- [Exercise details] The records below are to be output exactly, except for their pictures.

Collected data entries

_ _ _

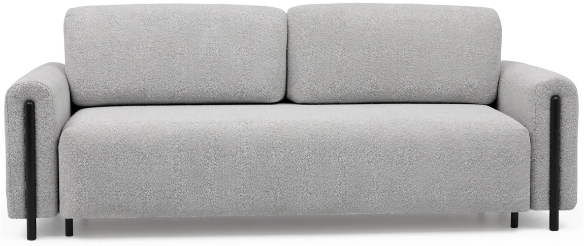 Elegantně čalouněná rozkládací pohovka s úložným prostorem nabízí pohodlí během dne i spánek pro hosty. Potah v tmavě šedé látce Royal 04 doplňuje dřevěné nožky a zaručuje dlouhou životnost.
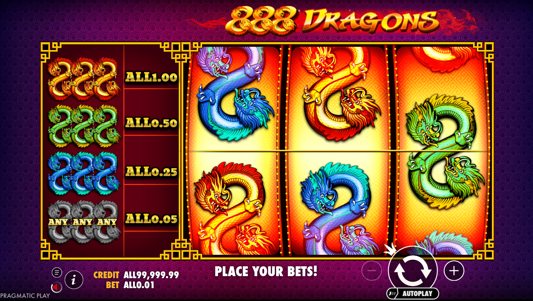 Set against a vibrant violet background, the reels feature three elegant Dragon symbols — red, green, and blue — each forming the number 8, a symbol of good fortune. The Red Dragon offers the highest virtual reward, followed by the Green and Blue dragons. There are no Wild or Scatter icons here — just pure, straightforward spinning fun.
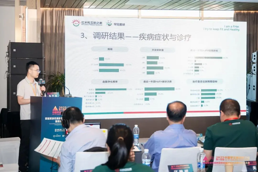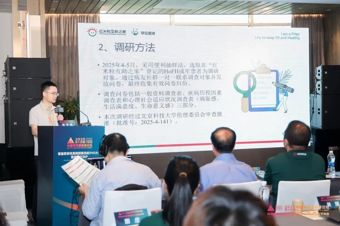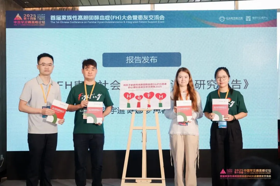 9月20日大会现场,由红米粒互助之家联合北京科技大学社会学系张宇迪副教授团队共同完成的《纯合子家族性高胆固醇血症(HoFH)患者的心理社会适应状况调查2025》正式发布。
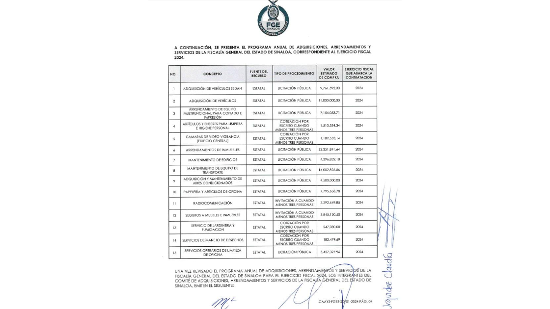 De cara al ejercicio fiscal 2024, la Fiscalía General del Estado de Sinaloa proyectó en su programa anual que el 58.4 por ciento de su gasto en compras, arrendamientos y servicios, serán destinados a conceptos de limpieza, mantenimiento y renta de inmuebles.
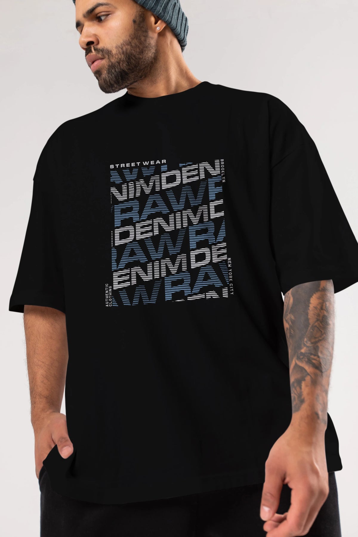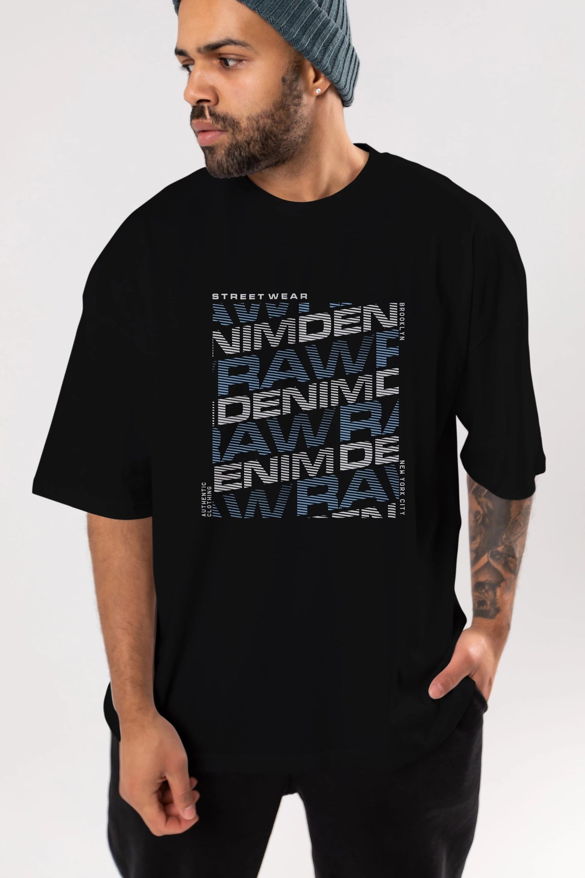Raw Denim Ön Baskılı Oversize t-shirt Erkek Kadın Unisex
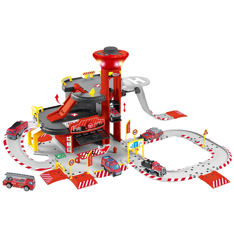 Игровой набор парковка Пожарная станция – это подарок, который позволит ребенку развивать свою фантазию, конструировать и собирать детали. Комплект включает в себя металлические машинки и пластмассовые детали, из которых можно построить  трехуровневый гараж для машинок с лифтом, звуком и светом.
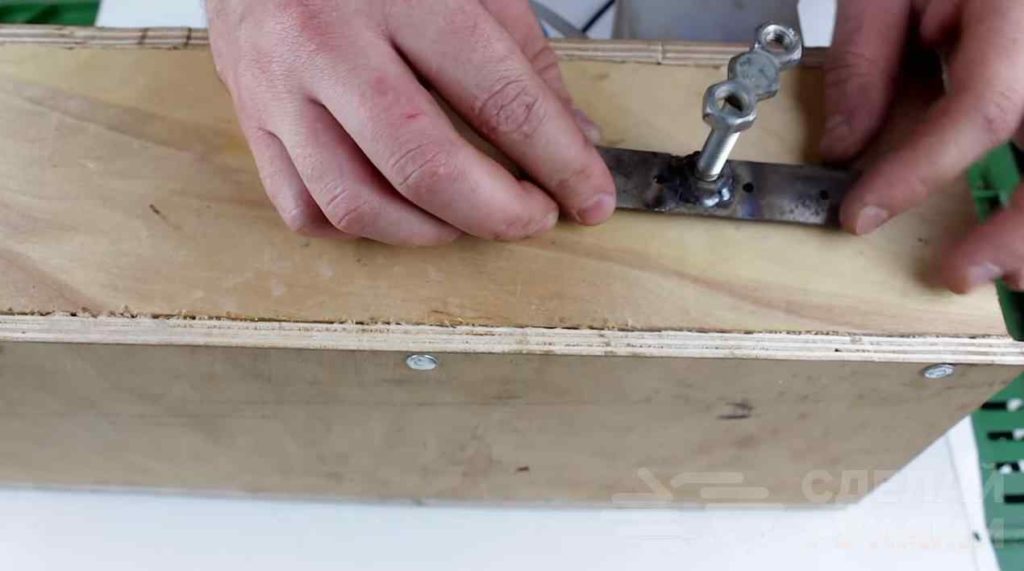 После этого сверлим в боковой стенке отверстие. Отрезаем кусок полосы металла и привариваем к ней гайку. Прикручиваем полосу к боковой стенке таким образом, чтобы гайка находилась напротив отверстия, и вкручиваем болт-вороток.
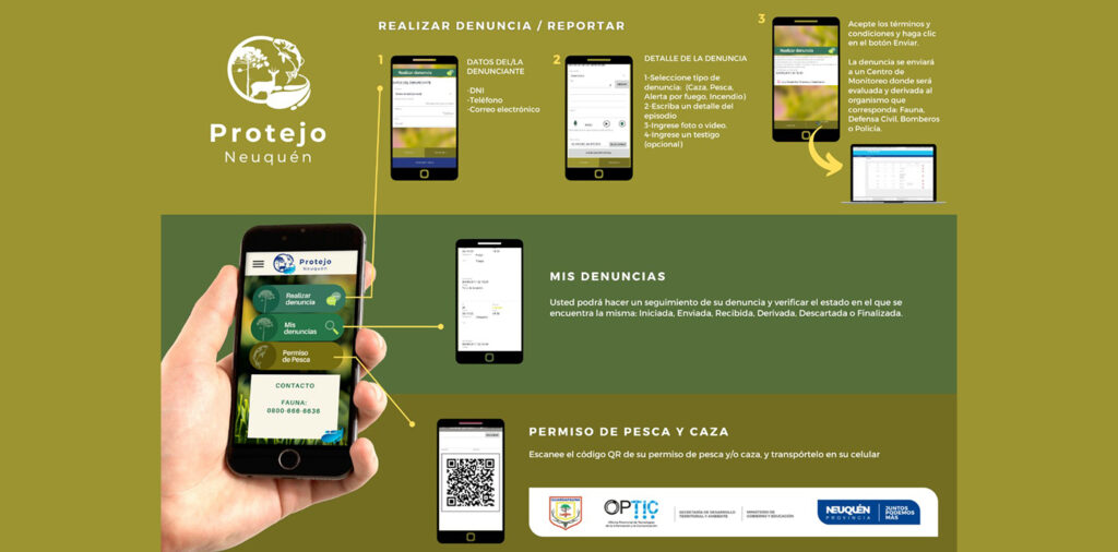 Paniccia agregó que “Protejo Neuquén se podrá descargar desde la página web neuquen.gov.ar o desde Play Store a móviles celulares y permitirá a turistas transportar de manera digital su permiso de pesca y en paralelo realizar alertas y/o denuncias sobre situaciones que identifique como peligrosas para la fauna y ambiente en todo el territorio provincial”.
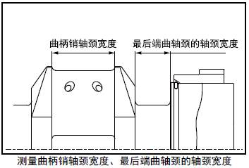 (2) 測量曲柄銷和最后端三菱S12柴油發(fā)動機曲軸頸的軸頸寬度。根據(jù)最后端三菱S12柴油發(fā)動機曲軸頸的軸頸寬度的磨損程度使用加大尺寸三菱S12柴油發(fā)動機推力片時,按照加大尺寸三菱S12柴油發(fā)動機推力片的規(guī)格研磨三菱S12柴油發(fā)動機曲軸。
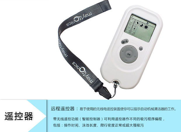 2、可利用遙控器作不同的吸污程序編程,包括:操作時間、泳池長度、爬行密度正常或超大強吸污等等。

_ _ _

- [Output]
 Elegantně čalouněná rozkládací pohovka s úložným prostorem nabízí pohodlí během dne i spánek pro hosty. Potah v tmavě šedé látce Royal 04 doplňuje dřevěné nožky a zaručuje dlouhou životnost.
 Set against a vibrant violet background, the reels feature three elegant Dragon symbols — red, green, and blue — each forming the number 8, a symbol of good fortune. The Red Dragon offers the highest virtual reward, followed by the Green and Blue dragons. There are no Wild or Scatter icons here — just pure, straightforward spinning fun.
 9月20日大会现场,由红米粒互助之家联合北京科技大学社会学系张宇迪副教授团队共同完成的《纯合子家族性高胆固醇血症(HoFH)患者的心理社会适应状况调查2025》正式发布。
 De cara al ejercicio fiscal 2024, la Fiscalía General del Estado de Sinaloa proyectó en su programa anual que el 58.4 por ciento de su gasto en compras, arrendamientos y servicios, serán destinados a conceptos de limpieza, mantenimiento y renta de inmuebles.
Raw Denim Ön Baskılı Oversize t-shirt Erkek Kadın Unisex
 Игровой набор парковка Пожарная станция – это подарок, который позволит ребенку развивать свою фантазию, конструировать и собирать детали. Комплект включает в себя металлические машинки и пластмассовые детали, из которых можно построить  трехуровневый гараж для машинок с лифтом, звуком и светом.
 После этого сверлим в боковой стенке отверстие. Отрезаем кусок полосы металла и привариваем к ней гайку. Прикручиваем полосу к боковой стенке таким образом, чтобы гайка находилась напротив отверстия, и вкручиваем болт-вороток.
 Paniccia agregó que “Protejo Neuquén se podrá descargar desde la página web neuquen.gov.ar o desde Play Store a móviles celulares y permitirá a turistas transportar de manera digital su permiso de pesca y en paralelo realizar alertas y/o denuncias sobre situaciones que identifique como peligrosas para la fauna y ambiente en todo el territorio provincial”.
 (2) 測量曲柄銷和最后端三菱S12柴油發(fā)動機曲軸頸的軸頸寬度。根據(jù)最后端三菱S12柴油發(fā)動機曲軸頸的軸頸寬度的磨損程度使用加大尺寸三菱S12柴油發(fā)動機推力片時,按照加大尺寸三菱S12柴油發(fā)動機推力片的規(guī)格研磨三菱S12柴油發(fā)動機曲軸。
 2、可利用遙控器作不同的吸污程序編程,包括:操作時間、泳池長度、爬行密度正常或超大強吸污等等。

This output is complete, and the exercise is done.